Depth Up-Scaling
The SOLAR10.7B paper introduces Depth Up-Scaling (DUS) as a competitor to mixture-of-experts (MoE). It is based on a simple idea: take an existing model, double its layers, and continuously pretrain it so it gives better results. The problem lays in the concatenation of the last layer of the original model with the first layer of its duplicate. The “layer distance” is greater than 1 at the seam where the two models meet. To make it easier for the resulting model to be continuously pretrained, the authors remove the final \(m\) layers of the original model and the initial \(m\) layers of the duplicate. Using this techinque, after the concatenation, the model suffers an initial performance drop, but rapidly recovers during the coninued pretraining phase.

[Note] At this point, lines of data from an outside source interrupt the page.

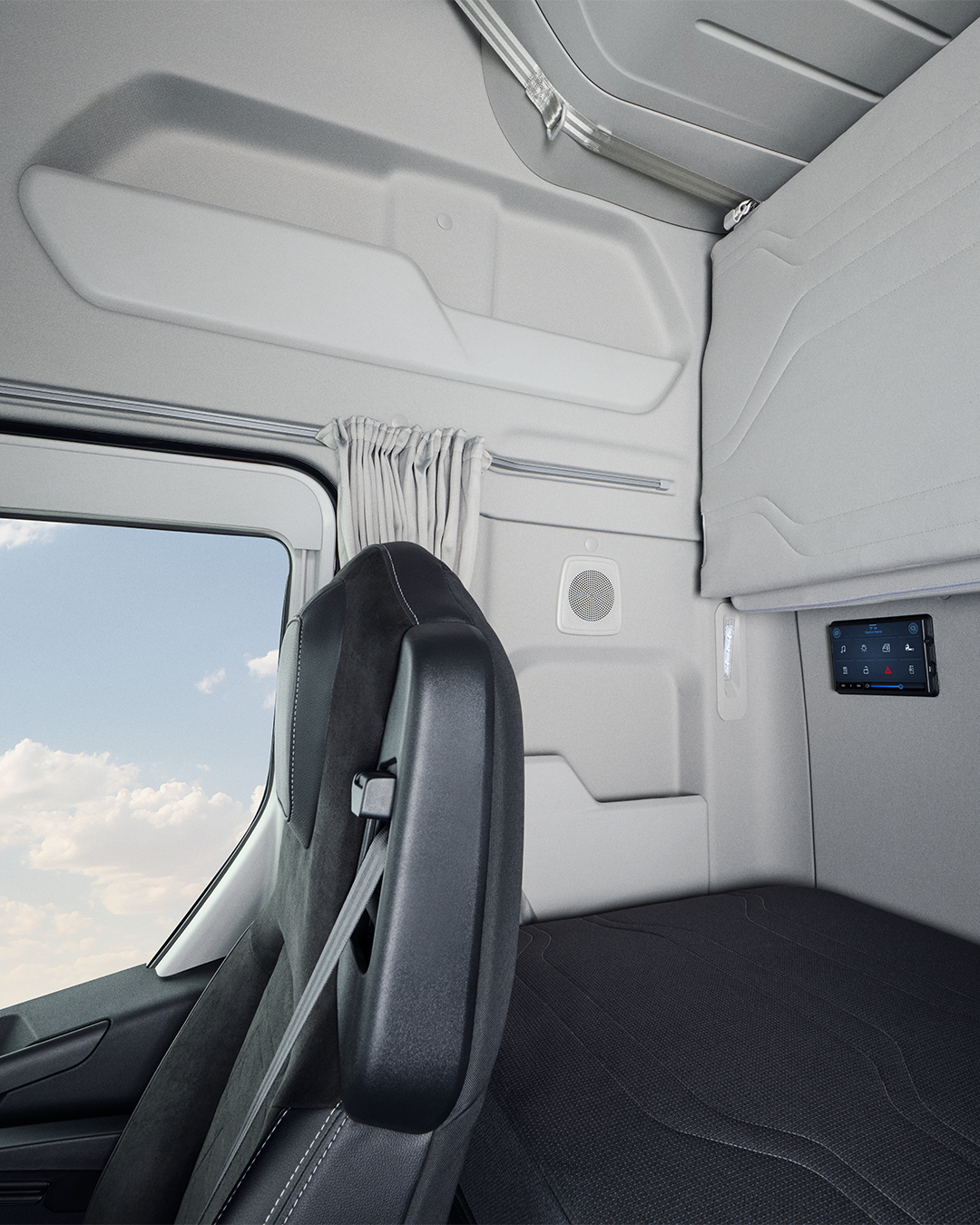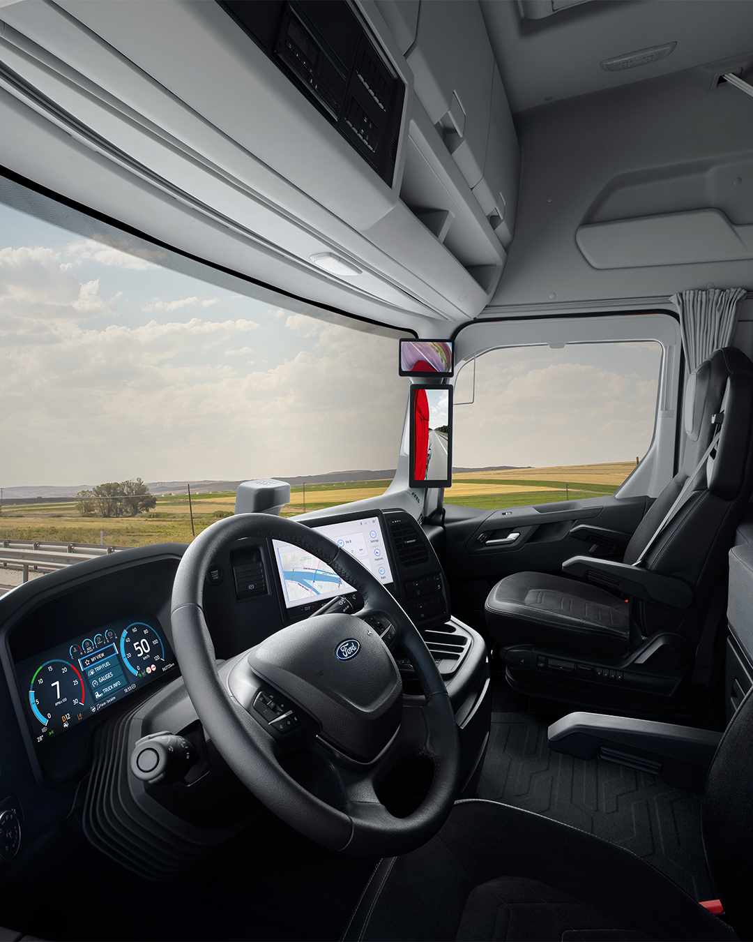 Skutočne high-tech riešením je digitálny systém zrkadiel, ktorý výrazne prispieva k zníženiu odporu vzduchu. Na monitoroch sú zobrazené pomocné línie pre manévrovanie, zatiaľ čo 15-palcový monitor na strane spolujazdca zobrazuje upozornenia systému BLIS sledujúceho mŕtve uhly. Medzi pokročilé funkcie patrí automatické nastavenie zorného poľa podľa pohybu návesu (Auto Pan) a režim „Sentinel“, ktorý počas prestávok dohliada na osoby, vozidlo a palivo, pričom cez systém Connectruck informuje vodiča a flotilového manažéra o zaznamenanej aktivite.
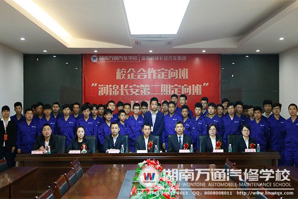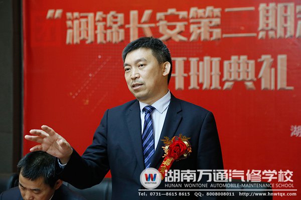 潤錦長安整車事業(yè)部總經(jīng)理劉厚學(xué)、總經(jīng)理助理李艷、潤錦整車事業(yè)部綜合主管賀秋麗、湖南萬通校長潘太煌及校方相關(guān)領(lǐng)導(dǎo)、以及潤錦長安班第二期全部學(xué)生等出席了此次開班典禮。
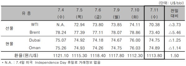 반면, 미 원유재고 감소는 유가 하락폭을 제한했다. 미 에너지정보청(EIA)에 따르면 7월 첫째주 미 원유재고가 4억500만배럴을 기록하며 전주 대비 1263만배럴 감소했다. 이 같은 감소폭은 2016년 9월 1451만3000배럴 이후 최대치이다.
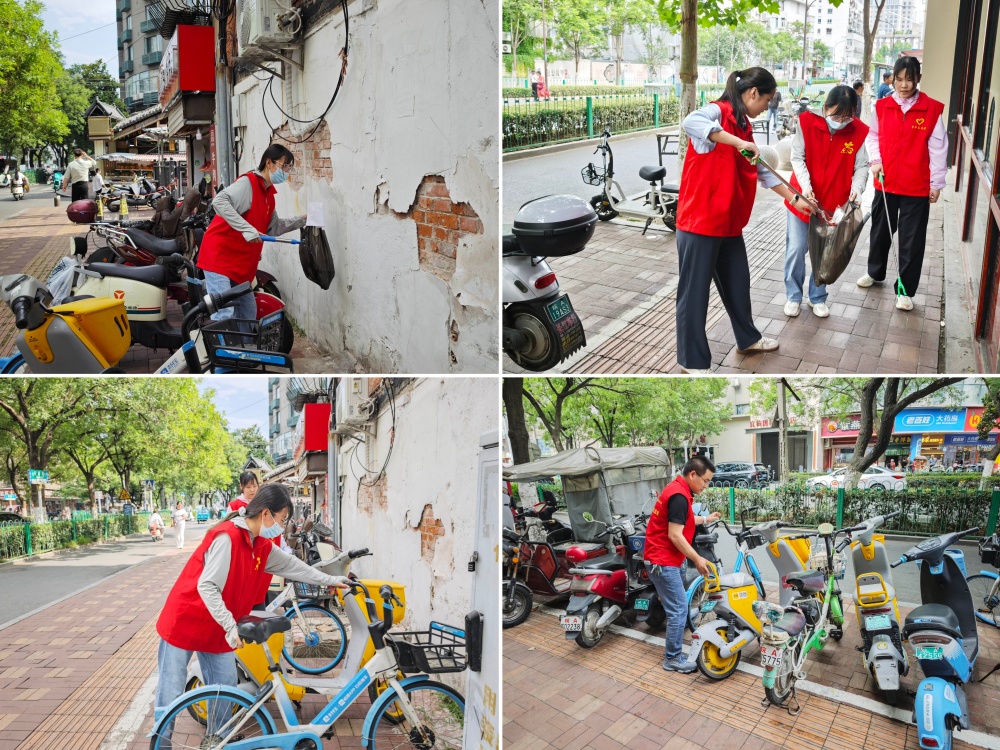 活動中,志愿者們分工明確,迅速行動。大家手持清潔工具,仔細撿拾街道上的煙頭、垃圾;將隨意停放的共享單車搬運至指定區(qū)域,整齊擺放;利用鏟子、噴壺等工具,認真鏟除墻面、電線桿上的小廣告。經過大家的共同努力,街道變得干凈整潔,共享單車停放有序,社區(qū)環(huán)境得到明顯改善。
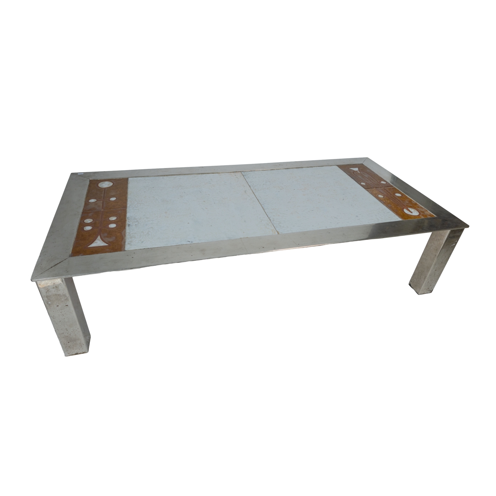 Mesa baja con estructura metálica en acero inoxidable y sobre en cerámica esmaltada.
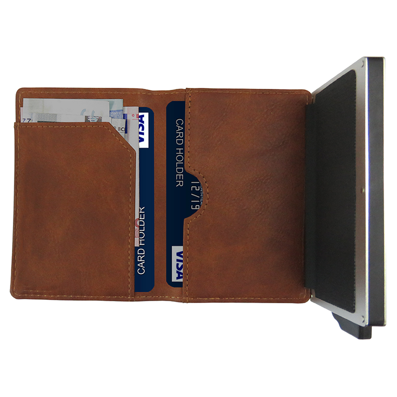 Men Automatic Credit Card Holder Leather Wallet Aluminum Mini Wallet with ID Card RFID Blocking Purse Short Fashion PU Unisex

Although the authors don’t mention it, removing the inital and final layers makes sense from a mechanistic interpretability point of view (see the transformer circuits thread from Anthropic), given that the first and final layers have specialized tasks.
The authors use Mistal 7B, with a 32-layer Llama 2 architecture, as their base model. They take \(m=8\), so that the resulting model has \(2*(32-8)=48\) layers. They do not try other options for $m$, so there surely will be improvements to the method in the near future.
Nous Research has already trained a Hermes 2 model on top of SOLAR10.7B, and it seems to work really well.